AIM OF THE TASK: Your copy of the entries below should hold exactly the lines from the one containing "방콕 여행을 계획 중이라면" to the one containing "Image 63 of", inclusive, and no pictures.

EXERCISE INPUTS:
--------------------

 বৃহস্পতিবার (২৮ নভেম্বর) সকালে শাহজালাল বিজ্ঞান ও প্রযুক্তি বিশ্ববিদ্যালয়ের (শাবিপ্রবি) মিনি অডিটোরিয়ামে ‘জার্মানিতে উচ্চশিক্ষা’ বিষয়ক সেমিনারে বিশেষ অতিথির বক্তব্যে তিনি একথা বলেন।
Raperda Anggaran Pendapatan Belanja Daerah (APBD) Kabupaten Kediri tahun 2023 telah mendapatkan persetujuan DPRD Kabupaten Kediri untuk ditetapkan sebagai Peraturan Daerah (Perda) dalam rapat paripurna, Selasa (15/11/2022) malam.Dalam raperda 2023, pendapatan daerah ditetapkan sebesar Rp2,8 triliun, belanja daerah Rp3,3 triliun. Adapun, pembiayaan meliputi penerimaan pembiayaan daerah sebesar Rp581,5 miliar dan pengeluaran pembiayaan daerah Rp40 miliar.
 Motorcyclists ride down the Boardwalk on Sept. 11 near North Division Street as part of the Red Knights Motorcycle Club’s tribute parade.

--------------------

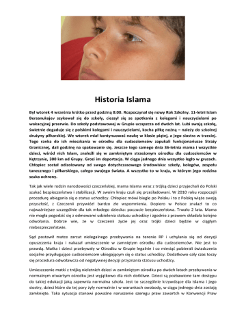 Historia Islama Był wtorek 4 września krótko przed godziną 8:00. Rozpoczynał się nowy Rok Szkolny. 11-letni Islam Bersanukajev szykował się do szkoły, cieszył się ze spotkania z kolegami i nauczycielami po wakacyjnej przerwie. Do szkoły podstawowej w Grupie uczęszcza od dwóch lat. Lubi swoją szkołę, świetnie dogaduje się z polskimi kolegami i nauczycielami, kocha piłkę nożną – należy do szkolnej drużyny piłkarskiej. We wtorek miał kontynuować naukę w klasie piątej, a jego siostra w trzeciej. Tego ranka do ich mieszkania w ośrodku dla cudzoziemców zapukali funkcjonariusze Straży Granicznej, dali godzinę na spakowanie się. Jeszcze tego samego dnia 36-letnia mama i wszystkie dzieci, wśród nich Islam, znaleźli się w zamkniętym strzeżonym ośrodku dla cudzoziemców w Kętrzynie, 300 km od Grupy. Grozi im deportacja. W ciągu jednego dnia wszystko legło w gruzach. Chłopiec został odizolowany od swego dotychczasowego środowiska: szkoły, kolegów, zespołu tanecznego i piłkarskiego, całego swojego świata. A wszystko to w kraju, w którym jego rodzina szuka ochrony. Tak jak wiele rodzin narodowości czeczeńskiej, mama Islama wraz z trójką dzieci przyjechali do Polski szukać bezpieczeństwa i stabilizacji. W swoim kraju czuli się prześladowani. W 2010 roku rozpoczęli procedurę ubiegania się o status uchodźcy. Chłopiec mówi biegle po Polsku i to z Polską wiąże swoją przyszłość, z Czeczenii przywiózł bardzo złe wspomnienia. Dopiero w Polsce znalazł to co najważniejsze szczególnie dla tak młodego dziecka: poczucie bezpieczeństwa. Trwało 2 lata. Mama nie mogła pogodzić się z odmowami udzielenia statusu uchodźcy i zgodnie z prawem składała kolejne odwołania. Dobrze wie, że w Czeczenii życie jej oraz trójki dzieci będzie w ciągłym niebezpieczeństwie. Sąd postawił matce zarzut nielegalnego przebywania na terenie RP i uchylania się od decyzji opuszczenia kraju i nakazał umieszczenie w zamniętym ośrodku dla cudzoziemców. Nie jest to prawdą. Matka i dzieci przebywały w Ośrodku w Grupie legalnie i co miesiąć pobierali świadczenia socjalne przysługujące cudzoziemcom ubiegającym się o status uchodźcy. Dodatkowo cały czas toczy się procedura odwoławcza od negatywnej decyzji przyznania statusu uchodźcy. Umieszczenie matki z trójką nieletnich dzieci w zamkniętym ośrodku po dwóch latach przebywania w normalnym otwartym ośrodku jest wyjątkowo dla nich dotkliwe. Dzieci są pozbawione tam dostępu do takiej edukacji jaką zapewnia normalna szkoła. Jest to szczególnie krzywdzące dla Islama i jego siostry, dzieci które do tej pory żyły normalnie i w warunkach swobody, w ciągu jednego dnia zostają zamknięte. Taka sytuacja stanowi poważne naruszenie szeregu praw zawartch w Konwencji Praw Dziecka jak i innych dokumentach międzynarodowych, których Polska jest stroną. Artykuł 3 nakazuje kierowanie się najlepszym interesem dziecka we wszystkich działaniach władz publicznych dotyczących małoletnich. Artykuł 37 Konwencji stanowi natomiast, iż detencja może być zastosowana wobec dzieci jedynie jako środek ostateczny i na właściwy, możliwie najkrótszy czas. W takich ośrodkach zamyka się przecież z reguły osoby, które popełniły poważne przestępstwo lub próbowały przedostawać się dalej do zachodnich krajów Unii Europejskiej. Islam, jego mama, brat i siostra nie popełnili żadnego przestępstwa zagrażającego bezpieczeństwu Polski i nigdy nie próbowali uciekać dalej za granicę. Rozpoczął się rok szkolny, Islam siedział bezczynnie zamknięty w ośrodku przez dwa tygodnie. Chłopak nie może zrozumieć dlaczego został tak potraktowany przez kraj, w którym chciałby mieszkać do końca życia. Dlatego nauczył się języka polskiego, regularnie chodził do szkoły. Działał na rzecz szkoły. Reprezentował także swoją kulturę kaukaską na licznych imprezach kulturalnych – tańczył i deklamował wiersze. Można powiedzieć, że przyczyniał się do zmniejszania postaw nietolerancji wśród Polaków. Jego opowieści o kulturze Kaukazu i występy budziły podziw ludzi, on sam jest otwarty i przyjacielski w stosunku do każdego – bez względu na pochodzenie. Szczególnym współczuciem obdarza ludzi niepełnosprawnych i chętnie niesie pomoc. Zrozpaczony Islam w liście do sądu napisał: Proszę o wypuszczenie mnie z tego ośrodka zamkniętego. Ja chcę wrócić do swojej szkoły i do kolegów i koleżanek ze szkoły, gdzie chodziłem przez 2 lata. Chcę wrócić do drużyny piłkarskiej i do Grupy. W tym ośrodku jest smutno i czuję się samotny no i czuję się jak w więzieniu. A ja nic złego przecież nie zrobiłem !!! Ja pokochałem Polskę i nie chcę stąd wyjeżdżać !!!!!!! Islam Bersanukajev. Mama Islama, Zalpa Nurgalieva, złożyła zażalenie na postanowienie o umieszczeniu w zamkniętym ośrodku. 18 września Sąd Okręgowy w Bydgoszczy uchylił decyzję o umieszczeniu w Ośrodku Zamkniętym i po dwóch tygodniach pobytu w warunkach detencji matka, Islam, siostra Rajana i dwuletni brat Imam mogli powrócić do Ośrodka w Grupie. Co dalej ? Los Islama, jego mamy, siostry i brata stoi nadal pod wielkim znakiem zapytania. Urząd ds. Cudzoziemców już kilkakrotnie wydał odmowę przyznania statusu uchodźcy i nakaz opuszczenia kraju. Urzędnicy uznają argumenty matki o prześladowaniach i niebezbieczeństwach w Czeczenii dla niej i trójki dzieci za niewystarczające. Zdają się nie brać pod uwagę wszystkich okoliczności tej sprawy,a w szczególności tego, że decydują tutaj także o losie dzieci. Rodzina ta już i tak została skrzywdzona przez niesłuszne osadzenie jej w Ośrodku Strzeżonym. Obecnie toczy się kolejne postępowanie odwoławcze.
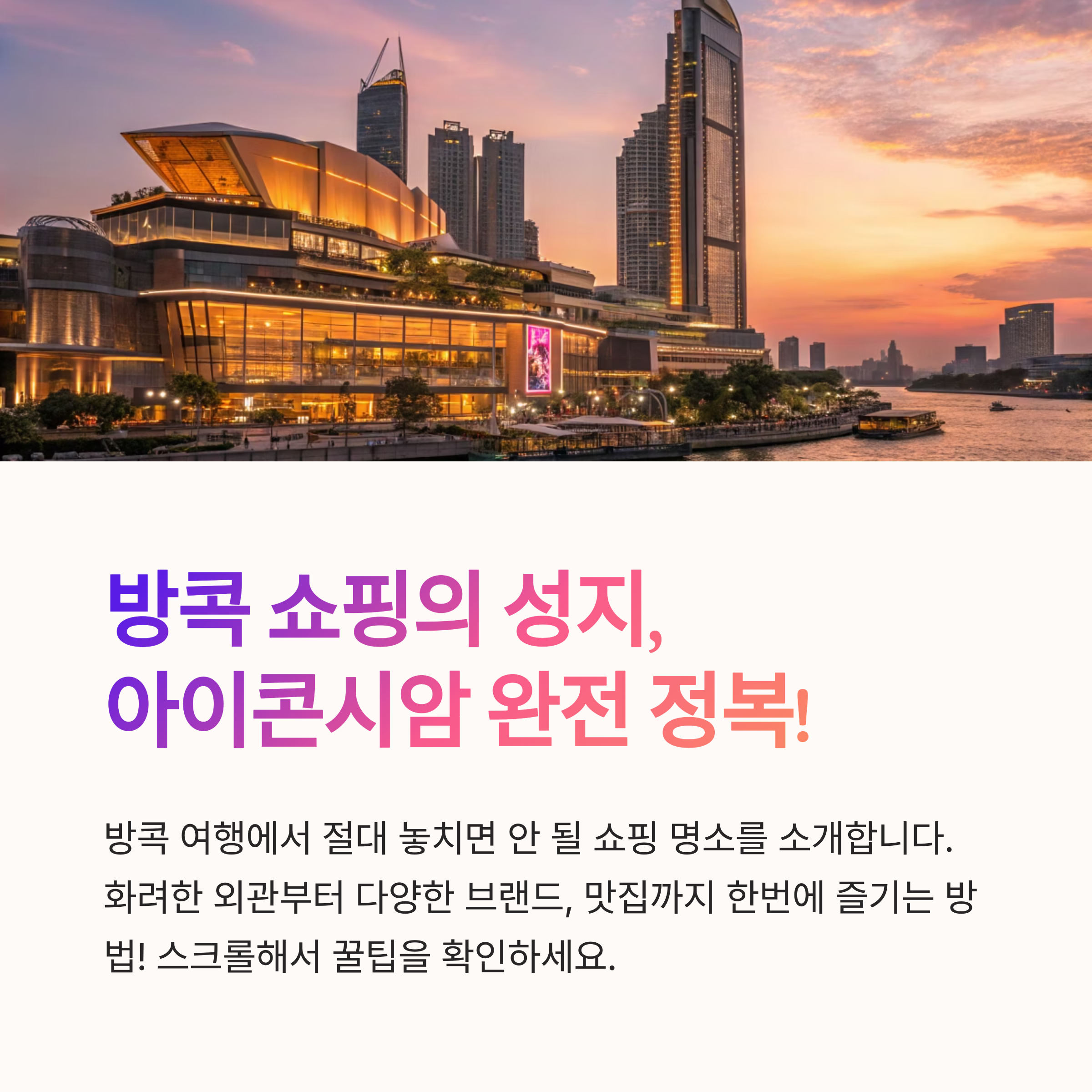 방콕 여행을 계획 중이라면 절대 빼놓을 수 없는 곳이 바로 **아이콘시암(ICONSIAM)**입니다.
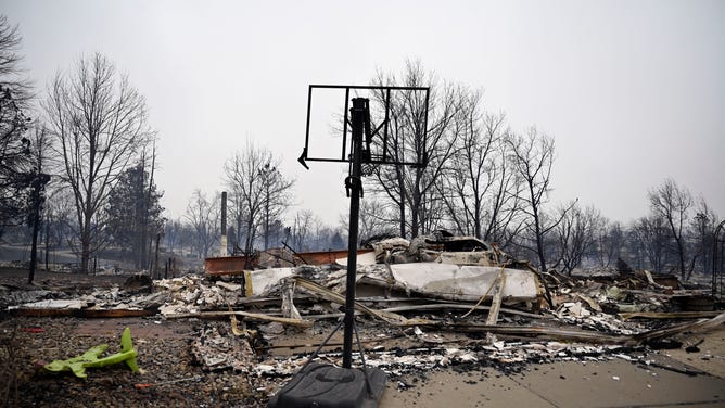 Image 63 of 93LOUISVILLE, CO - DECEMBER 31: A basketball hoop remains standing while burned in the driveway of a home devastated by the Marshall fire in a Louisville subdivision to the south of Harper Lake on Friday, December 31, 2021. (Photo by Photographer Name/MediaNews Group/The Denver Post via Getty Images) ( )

--------------------

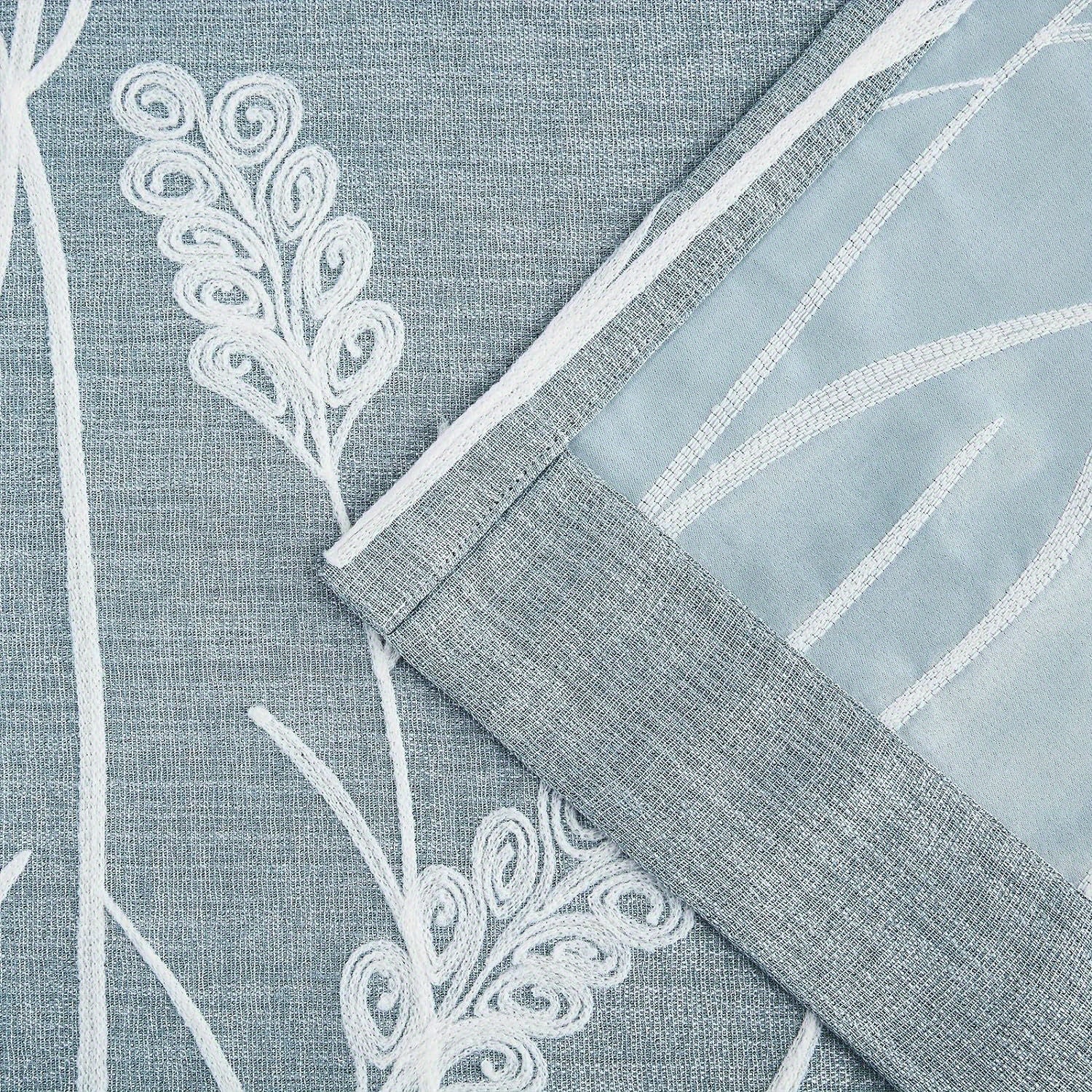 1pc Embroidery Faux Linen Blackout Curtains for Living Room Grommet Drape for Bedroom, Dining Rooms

--------------------

SOLUTION:
 방콕 여행을 계획 중이라면 절대 빼놓을 수 없는 곳이 바로 **아이콘시암(ICONSIAM)**입니다.
 Image 63 of 93LOUISVILLE, CO - DECEMBER 31: A basketball hoop remains standing while burned in the driveway of a home devastated by the Marshall fire in a Louisville subdivision to the south of Harper Lake on Friday, December 31, 2021. (Photo by Photographer Name/MediaNews Group/The Denver Post via Getty Images) ( )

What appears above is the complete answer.